Tang et al. Page 8324
Activated H-RAS has been linked to the angiogenic phenotype of cancers but the mechanism underlying the relationship is not well understood. Tang et al. used the inducible Tyr/Tet-RAS Ink4a/Arf-/- model to show that loss of RAS activity in fully established melanomas led to an early impairment of vascular function before tumor volume decreased. This correlated with activation of apoptosis in host-derived endothelial cells as well as in tumor cells. Loss of vascular integrity upon inactivation of RAS is an active process, rather than a consequence of loss of tumor cell viability.

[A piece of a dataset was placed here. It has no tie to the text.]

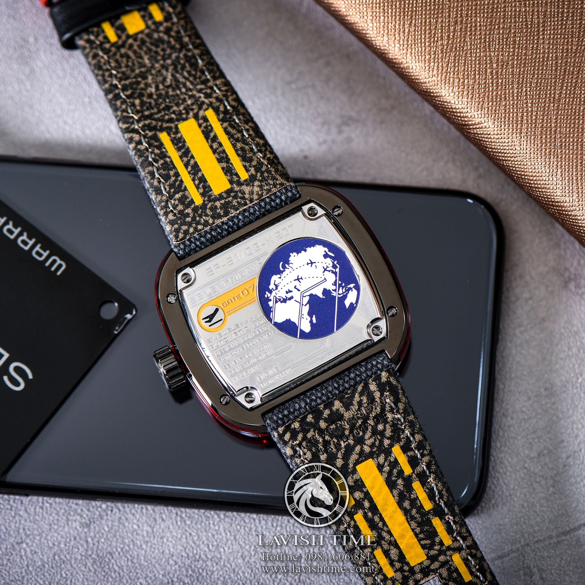 Mẫu đồng hồ SevenFriday S1/03 được trang trí thêm các điểm nhấn nhá màu vàng và đỏ trên mặt số mang đến một cái nhìn mới vô cùng độc đáo trên cổ tay người đeo.

Wilderman et al. Page 8379
Non-small cell lung carcinoma (NSCLC) is the number one cancer killer in the U.S. and much of the world. Current therapies, however, are very suboptimal. Wilderman et al. have used a recently developed a transgenic orthotopic model of bronchogenic adenocarcinoma of the lung to evaluate the effects of an adenovirus expressing interferon-β. Two intrapulmonary doses of vector were well tolerated and led to markedly increased survival of tumor-bearing mice. Efficacy was due to direct antitumor effects in combination with stimulation of NK cell activity and generation of CD8+ cytotoxic T cells. These studies, showing remarkable antitumor activity in this orthotopic lung cancer model, provide strong preclinical support for a trial of Ad.IFNβ to treat human NSCLC.